Contactée, l'ARS Auvergne Rhône-Alpes n'a pas donné suite à nos demandes à ce stade concernant ce dossier.

Pour rappel, l'annonce de la vente du Groupement Hospitalier Mutualiste de Grenoble (GHM) intervenue en septembre 2019 par les mutuelles Adrea et la Mutualité Française  avait déjà suscité l'émoi sur la scène grenobloise durant plusieurs mois.

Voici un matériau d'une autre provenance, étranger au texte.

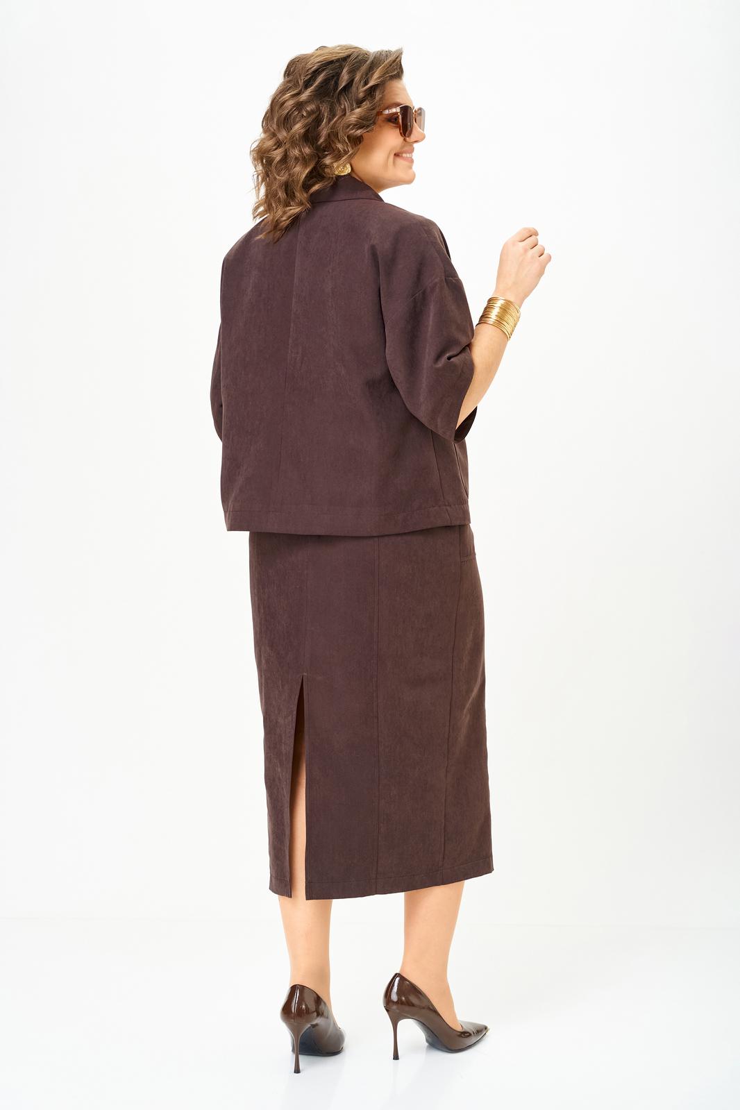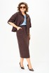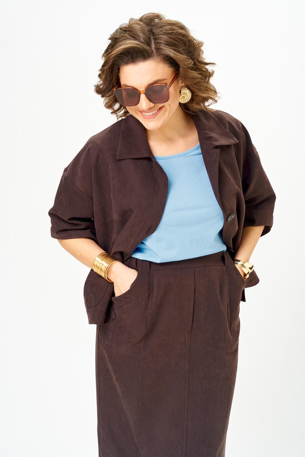 Комплект женский, состоящий из жакета и юбки, выполнен из однотонной костюмно-плательной ткани, блуза выполнена из трикотажного полотна.

En premier lieu en raison de la mission de service public, assurée par cet établissement de santé privé d'intérêt collectif (Espic) encore régi par le Code de la Mutualité qui emploie 1.300 salariés. Mais aussi de sa taille, puisqu'il se positionne comme le second établissement de référence sur le bassin grenoblois, avec ses 1.600 naissances et 35.000 passages aux urgences enregistrés en 2019.

Des réactions politiques

Un certain nombre de personnalités politiques, dont le maire de Grenoble Eric Piolle ainsi que le président de la métropole, Christophe Ferrari, avaient fait part de leur inquiétude à l'égard de ce projet de cession et demandé à leur tour des engagements, de la part du groupe Adréa (devenue Aésio) et de l'UMG GHM. La Métropole de Grenoble avait même tenté de préempter l'usage du bâtiment du GHM, à travers un arrêté publié début 2021, en vain.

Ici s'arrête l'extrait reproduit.